Claire smiled and shook her head.

“What do you think? Steamed sponge pudding — your favorite,” she replied.

EPILOGUE

NINE MONTHS LATER: CLAIRE

“Two pork, one chicken, three sole, table seven. I need langoustines and asparagus for table three. And how are those desserts coming for table eight?” Claire called out.

“Nearly ready, chef,” came the reply.

“That’s not good enough — time, please, Alfred. One minute,” Claire said, glancing over to where a young chef was spinning sugar into an intricate topping for a baked Alaska.

“Yes, chef,” he called out, before rushing the plates to the pass.

Claire was in her element. Running a kitchen was like conducting a symphony. Everything had to work in harmony, so that what the diners received appeared effortless. It was a Friday night at Claire’sand every table was booked. The restaurant had opened to critical acclaim and had recently been awarded its first Michelin star. Claire was proud of everything she and Adrien had achieved, but she knew a restaurant could never rest on its laurels. Every night had to be worthy of their accolades, and every dish had to be perfect.

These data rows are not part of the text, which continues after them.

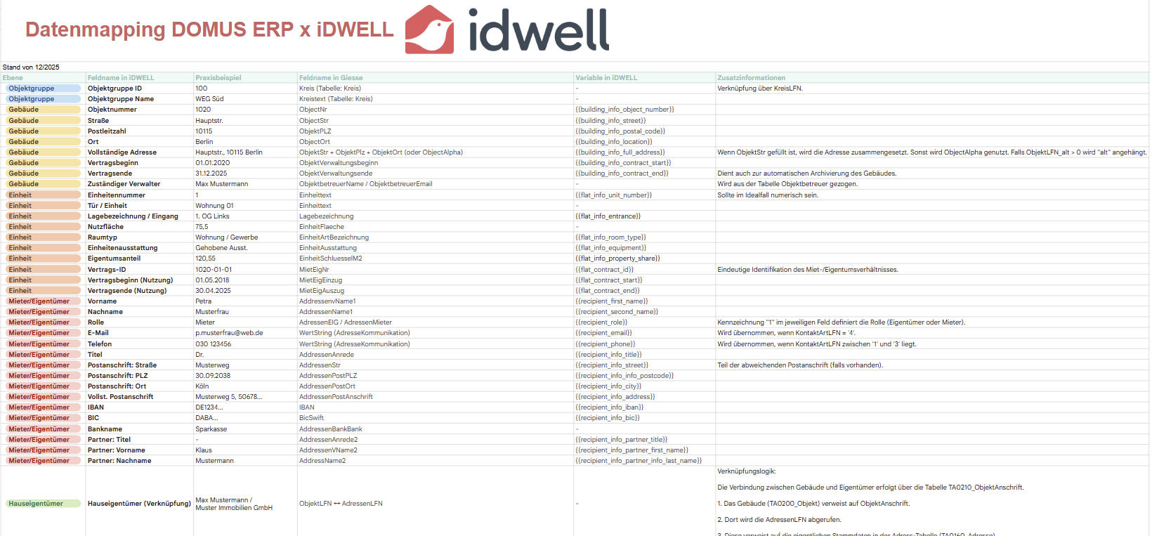 Aktualität und Vollständigkeit: Diese Dokumentation basiert auf der aktuellsten Version des Datenaustauschs zwischen iDWELL & DOMUS ERP (Stand: Dezember 2025). Die korrekte und vollständige Befüllung der Quellfelder in Ihrem ERP-System liegt in Ihrer Verantwortung. Fehlerhafte Quelldaten führen zu fehlerhaften Zieldaten in iDWELL.
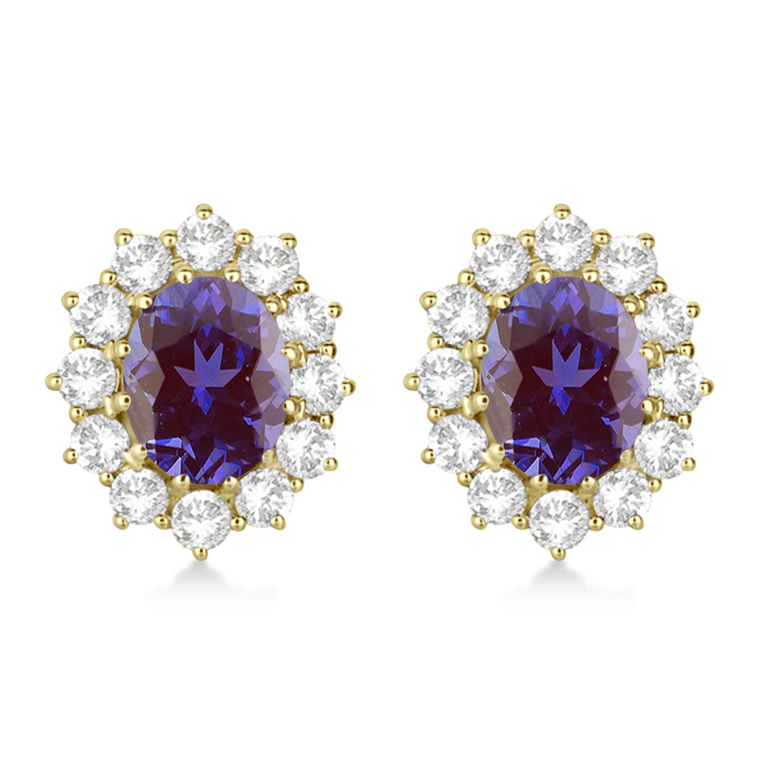 Oval Lab Alexandrite & Diamond Accented Earrings 14k Yellow Gold (7.10ctw)
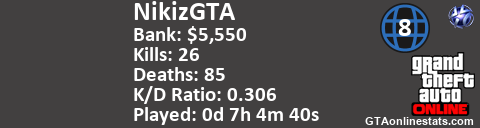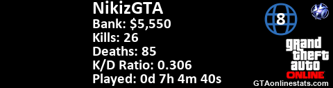 <a href="http://GTAonlinestats.com/showplayer/NikizGTA"><img src="http://GTAonlinestats.com/signature/NikizGTA/sig.png" alt="NikizGTA" border="0" /></a>

“And now… three chicken, one vegan, one cod,” Claire called out, as another order came through from the dining room.

The waiters were dashing back and forth, and Claire was pleased to see stacks of empty plates, and to hear the compliments from the diners.

“Table three sent their compliments on the langoustines — the prime minister said they were the best he’d ever eaten,” one of the waiters said.

Claire smiled. The prime minister of Luxembourg was dining at the restaurant that night. Adrien often invited visiting dignitaries to dine there, using food, as well as charm, for diplomatic purposes.

“I’m glad to hear it. Let’s hope they enjoy dessert. Are we ready, Alfred?” Claire called out, as the young chef headed to the pass.

“Yes, chef,” he said, placing the baked Alaska in front of her.

A quick wipe of the plate and it was ready to go. Service had been busy that night, and Claire had been working in the restaurant since early that morning. She was tired, but there were still several hours to go. Here, she was no longer the crown princess of Flandenne, but head chef and patron of her own restaurant.

“Right, where are we at now? How are the main courses coming? I’ve got one duck, two sole, and another vegan. Time on these please?” Claire called out.